Abstract
The title molecule, C11H12N2OS2, is twisted with a dihedral angle of 83.63 (12)° between the 1,3,4-thiadiazole and benzene rings. The methoxy group deviates slightly from the attached benzene ring, with a C—C—O—C torsion angle of 4.2 (4)°. In the crystal, molecules are linked by weak C—H⋯N interactions and stacked along the c axis.
Related literature
For bond-length data, see: Allen et al. (1987 ▶). For a related structure, see: Wang et al. (2010 ▶). For background to and applications of thiadiazole derivatives, see: Bernard et al. (1985 ▶); Chandrakantha et al. (2010 ▶); El-Sabbagh et al. (2009) ▶; Isloor et al. (2010 ▶); Kalluraya et al. (2004 ▶). For the stability of the temperature controller, see: Cosier & Glazer (1986 ▶).
Experimental
Crystal data
C11H12N2OS2
M r = 252.35
Monoclinic,
a = 14.7765 (4) Å
b = 8.6916 (3) Å
c = 9.7339 (3) Å
β = 96.477 (1)°
V = 1242.16 (7) Å3
Z = 4
Mo Kα radiation
μ = 0.41 mm−1
T = 296 K
0.25 × 0.19 × 0.03 mm
Data collection
Bruker APEXII CCD area-detector diffractometer
Absorption correction: multi-scan (SADABS; Bruker, 2005 ▶) T min = 0.907, T max = 0.987
11429 measured reflections
2828 independent reflections
1660 reflections with I > 2σ(I)
R int = 0.040
Refinement
R[F 2 > 2σ(F 2)] = 0.052
wR(F 2) = 0.118
S = 1.02
2828 reflections
147 parameters
H-atom parameters constrained
Δρmax = 0.23 e Å−3
Δρmin = −0.19 e Å−3
Data collection: APEX2 (Bruker, 2005 ▶); cell refinement: SAINT (Bruker, 2005 ▶); data reduction: SAINT; program(s) used to solve structure: SHELXTL (Sheldrick, 2008 ▶); program(s) used to refine structure: SHELXTL; molecular graphics: SHELXTL; software used to prepare material for publication: SHELXTL and PLATON (Spek, 2009 ▶).
Supplementary Material
Crystal structure: contains datablocks global, I. DOI: 10.1107/S1600536810051858/is2640sup1.cif
Structure factors: contains datablocks I. DOI: 10.1107/S1600536810051858/is2640Isup2.hkl
Additional supplementary materials: crystallographic information; 3D view; checkCIF report
Table 1. Hydrogen-bond geometry (Å, °).
| D—H⋯A | D—H | H⋯A | D⋯A | D—H⋯A |
|---|---|---|---|---|
| C1—H1B⋯N1i | 0.96 | 2.59 | 3.532 (4) | 164 |
Symmetry code: (i) 
.
Acknowledgments
AMI is thankful to the Director of the National Institute of Technology for providing research facilities and also thanks the Board for Research in Nuclear Sciences, Department of Atomic Energy, Government of India, for the Young Scientist award. SC thanks the Prince of Songkla University for generous support through the Crystal Materials Research Unit. The authors also thank Universiti Sains Malaysia for the Research University grant No. 1001/PFIZIK/811160.

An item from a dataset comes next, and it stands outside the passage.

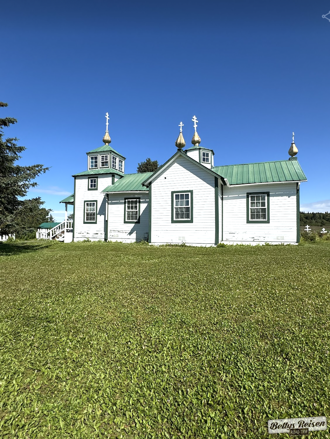 Su cementerio adyacente, lleno de flores silvestres en verano, refleja la herencia rusa de la región y es un punto de interés cultural. y fue incluida en el Registro Nacional de Lugares Históricos en 1978 por su importancia histórica y arquitectónica.

supplementary crystallographic information
Comment
Thiadiazole are a class of heterocyclic compounds having a five membered ring. They occur in nature and are predominant among all types of pharmaceuticals, agrochemicals and veterinary products (El-Sabbagh et al., 2009). The amino and mercapto groups in thiadiazole are readily-accessible nucleophilic centers. 1,3,4-Thiadiazole exhibit a wide spectrum of biological activities (Bernard et al., 1985). Due to the presence of the –N—C—S moiety (Kalluraya et al., 2004), they are found to be used as antibacterial, antimicrobial and anti-inflammatory agents (Chandrakantha et al., 2010). Antibacterial and antifungal (Isloor et al., 2010) activities of the azoles are most widely studied and azoles are also used as antimicrobial agents. Herein we report the crystal structure of the title 1,3,4-thiadiazole derivative, (I).
The molecule of (I) (Fig. 1) is twisted with a dihedral angle between the 1,3,4-thiadiazole and benzene rings being 83.63 (12)°. Atoms C3, S2, C4 and C5 lie nearly on the same plane with r.m.s. 0.0517 (5) Å and the torsion angle C3–S2–C4–C5 = 172.25 (18)°. The mean plane through C3/S2/C4/C5 makes the dihedral angles of 9.02 (15) and 75.92 (16)° with the 1,3,4-thiadiazole and benzene rings, respectively. The methoxy group is slightly deviated with respect to the attached benzene ring with the torsion angle C11–O1–C8–C9 = 4.2 (4)°. The bond distances are of normal values (Allen et al., 1987) and are comparable with the related structure (Wang et al., 2010).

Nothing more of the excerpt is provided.